Osborn et al. (2017) reported 5 patients, including 2 sisters born of consanguineous Arab parents, with congenital muscular dystrophy. The patients showed delayed psychomotor development in infancy with difficulty walking due to proximal muscle weakness. Three patients were wheelchair-bound at ages 13, 21, and 31 years. Four patients showed spasticity of the lower limbs, with spastic gait, hyperreflexia, pyramidal signs, and toe walking. Three patients had cataracts, and 3 had strabismus. Additional features included muscle atrophy, short stature, hyperlordosis, Gowers sign, inability to climb stairs, and hypotonia and hyporeflexia of the upper limbs; 3 patients had seizures and 4 had microcephaly. Muscle biopsies showed fiber size variability, increased connective tissue, and atrophic fibers. Muscle biopsy in 2 unrelated patients showed decreased glycosylation of alpha-DAG (128239), reminiscent of dystroglycanopathies (see, e.g., MDDGC1, 609308). Laboratory studies showed increased serum creatine kinase.

Inheritance

The transmission pattern of MDCCAID in the families reported by Wiessner et al. (2017) and Osborn et al. (2017) was consistent with autosomal recessive inheritance.

Molecular Genetics

In 12 patients from 8 unrelated families with MDCCAID, Wiessner et al. (2017) identified homozygous or compound heterozygous mutations in the INPP5K gene (see, e.g., 607875.0001 and 607875.0002). Patients from 6 families of Bangladeshi or Pakistani origin, 5 of which were consanguineous, carried the same homozygous missense mutation (I50T; 607875.0001). The mutations in the first family were found by a combination of linkage analysis and whole-exome sequencing. Mutations in 6 additional families were found by Sanger sequencing of the INPP5K gene in 12 families with the disorder; the mutations in the last family were found by Sanger sequencing of 21 isolated cases with a similar phenotype. In vitro studies showed that all the mutations resulted in a significant decrease in enzyme activity. Patient cells did not show evidence of the endoplasmic reticulum (ER) unfolded protein response or of increased autophagy in skeletal muscle, suggesting another pathogenic mechanism.

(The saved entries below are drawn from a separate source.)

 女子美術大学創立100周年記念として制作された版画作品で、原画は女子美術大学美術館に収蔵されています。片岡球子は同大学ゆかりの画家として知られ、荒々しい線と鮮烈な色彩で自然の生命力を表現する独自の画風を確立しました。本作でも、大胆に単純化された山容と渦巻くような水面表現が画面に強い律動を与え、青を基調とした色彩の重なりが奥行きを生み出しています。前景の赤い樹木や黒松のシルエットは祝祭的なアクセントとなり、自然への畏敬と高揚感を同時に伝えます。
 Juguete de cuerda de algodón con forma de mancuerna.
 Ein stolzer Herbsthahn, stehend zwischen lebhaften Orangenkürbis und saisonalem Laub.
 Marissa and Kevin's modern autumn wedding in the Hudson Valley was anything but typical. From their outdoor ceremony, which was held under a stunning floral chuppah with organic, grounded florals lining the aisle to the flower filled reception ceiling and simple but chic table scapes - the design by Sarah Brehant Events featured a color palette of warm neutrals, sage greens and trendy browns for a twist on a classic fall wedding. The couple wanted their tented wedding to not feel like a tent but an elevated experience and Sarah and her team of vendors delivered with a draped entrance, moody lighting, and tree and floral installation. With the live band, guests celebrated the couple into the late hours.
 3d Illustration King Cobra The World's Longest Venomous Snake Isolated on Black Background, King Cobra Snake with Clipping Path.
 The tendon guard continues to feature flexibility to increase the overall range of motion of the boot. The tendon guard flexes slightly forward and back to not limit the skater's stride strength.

In 5 patients from 4 unrelated families with MDCCAID, Osborn et al. (2017) identified homozygous or compound heterozygous mutations in the INPP5K gene (607875.0003-607875.0007). The mutations were found by exome sequencing, and in vitro studies showed that all resulted in a significant decrease in enzyme activity.

Animal Model

Wiessner et al. (2017) found that morpholino knockdown of the inpp5k orthologs in zebrafish embryos resulted in curled and shortened tails, impaired swimming and touch-evoked escape responses, and smaller eyes compared to controls. Skeletal muscle morphology in mutant fish was also abnormal, including disruption of both slow- and fast-twitch fiber types.

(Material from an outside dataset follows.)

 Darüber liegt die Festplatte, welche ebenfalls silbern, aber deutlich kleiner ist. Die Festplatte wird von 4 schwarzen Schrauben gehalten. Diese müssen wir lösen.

Osborn et al. (2017) found that morpholino knockdown of inpp5k orthologs in zebrafish embryos resulted in microphthalmia, microcephaly, curved and shortened body, and reduced touch-evoked motility. Morphant eyes showed disorganized lens cortex with cell nuclei present in the center of the lens nucleus. Skeletal muscle fibers were disorganized and showed reduced synaptic formation at the neuromuscular junction. Electron microscopy of morphant skeletal muscle showed undefined A- and I-bands, shortened sarcomeres with smaller sarcomeric triads, and loose myofibrils.